ROANOKE TIMES

                         Roanoke Times
                 Copyright (c) 1995, Landmark Communications, Inc.

DATE: THURSDAY, February 4, 1993                   TAG: 9302040390
SECTION: EDITORIAL                    PAGE: A9   EDITION: METRO 
SOURCE: GEORGE STEVENS JR.
DATELINE:                                 LENGTH: Medium


CIVIL RIGHTS WAS WORTH A LIFE

I MET Thurgood Marshall for the first time on March 22, 1991, at the Kennedy Center premiere of "Separate But Equal," a film dramatizing Brown vs. Board of Education, the Supreme Court case that outlawed segregation of schools by race.

I had tried to arrange meetings with Justice Marshall during the preceding three years when I was working on this film, in which he was the central figure. Despite intervention by friends, he chose to keep his distance.

We were therefore surprised when his secretary called to accept the invitation to the screening, announcing that the justice would be accompanied by his wife, his two sons and his law clerks. That afternoon, the anxiety a film-maker feels before the first showing of a film escalated to a mild form of panic with the realization that Marshall and many of his Legal Defense Fund colleagues who worked on the Brown case in the early '50s would be reacting to actors living their lives on the screen and appraising the film for accuracy. In Marshall's case, the actor was Sidney Poitier, who, bearing little resemblance to him, had set out to capture and reveal his "inner spirit and courage."
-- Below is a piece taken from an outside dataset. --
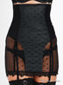 Оригинальная нижняя юбка с утягивающим эффектом. Выполнена из тонкой сетчатой ткани. Спереди вставка шелковистого материала. Застегивается сзади на три крючка, дополнена пажами для чулок.
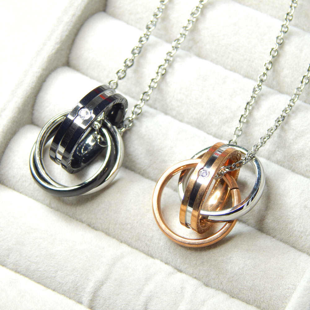 - Alnair ブランド★人気 ダブルリングペアネックレス サージカルステンレス316L レディース/メンズ ジルコニア CZダイヤモンド 刻印

The historian Edmund Morris sat directly behind Marshall and his wife, Cissie, during the three-hour screening. Morris wrote to me the next day, saying, "My privilege was more exclusive than most, because I happened to be sitting behind Justice Marshall, and thus had the poignant experience of seeing that great drama on screen playing over and around his dark old head."

The audience gathered for supper in the Kennedy Center Atrium. I was cheered by word that Sandra Day O'Connor announced to the press that she "thought it was a wonderful film." But no word from Marshall. Then I was summoned. He was seated, surrounded by well-wishers, through whom I made my way. He turned to me, his voice rising in pitch. "What's that about booze? And poker games?" He was referring to a scene early in the film where Marshall joins the Legal Defense Fund lawyers in a late-night office poker game.
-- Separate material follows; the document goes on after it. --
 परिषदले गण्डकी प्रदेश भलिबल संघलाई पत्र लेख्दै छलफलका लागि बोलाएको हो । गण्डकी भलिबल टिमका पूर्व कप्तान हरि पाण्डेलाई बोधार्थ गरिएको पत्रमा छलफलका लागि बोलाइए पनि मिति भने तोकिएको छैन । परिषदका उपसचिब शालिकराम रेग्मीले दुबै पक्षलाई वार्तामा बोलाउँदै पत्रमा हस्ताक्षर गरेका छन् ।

"Mr. Justice," I said, "your associates I interviewed said you used to love your poker games and whiskey."

"Not in the office," he thundered. But this was followed by a smile, so I decided, even though my research was solid, "to leave it lay where Jesus flung it" - a useful maxim that also came from the research.
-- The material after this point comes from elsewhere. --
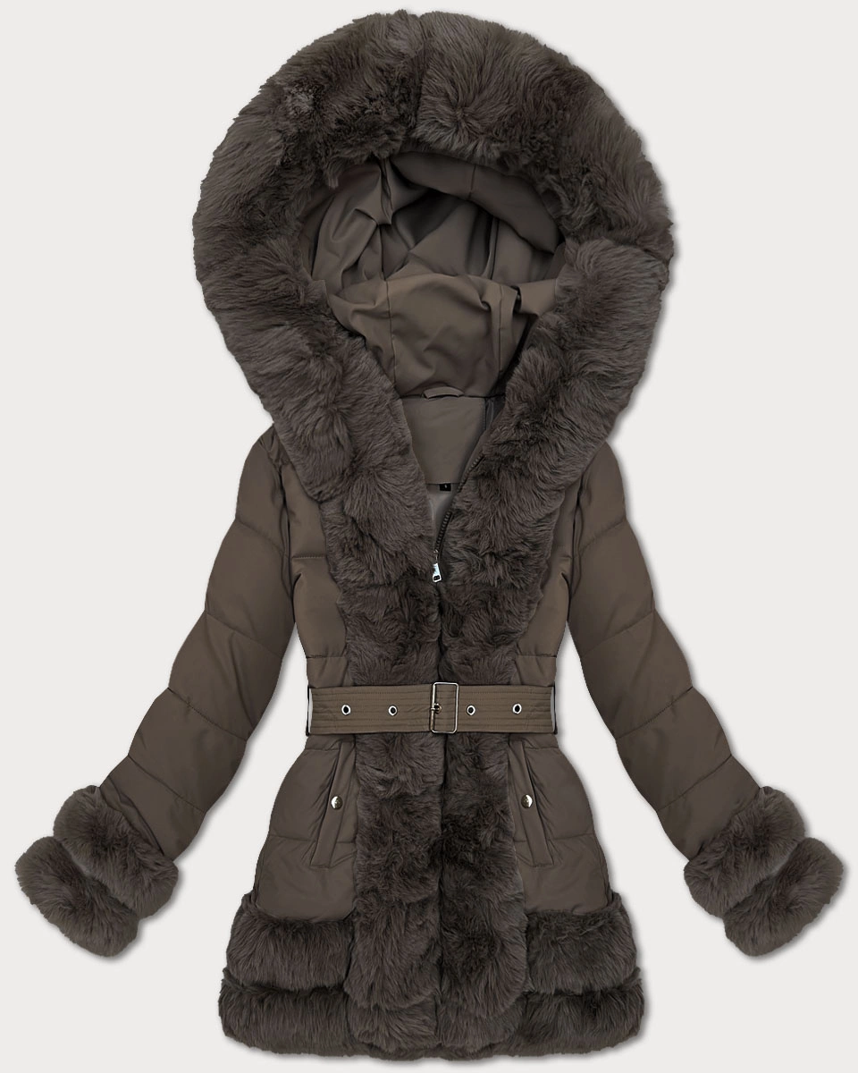 Przejściowa elegancka kurtka z futerkiem S'West brązowa (B8526-48)

Someone asked the justice how he liked Poitier's portrayal. "Sidney was better than I was in the court," he said. "But he got paid more than I did."

Marshall's friends were pleased that he had lived to see his story told. A reporter called his chambers the next day and was told, "I thought it was a great movie. That's the end of the story." His office requested a video copy of "Separate But Equal," and we were cheered by a report that the justice was seen in his chambers huddled over a video recorder making contraband copies for his friends.

When the going got tough at the Legal Defense Fund, Thurgood Marshall used to bolster his lawyers by saying that the struggle for civil rights "was worth a life." Last week, while mourning Thurgood Marshall's death, we celebrated a life of public service devoted to equal rights for all Americans.

Ours is a far better country for his having been part of it, and because he believed that civil rights was worth a life.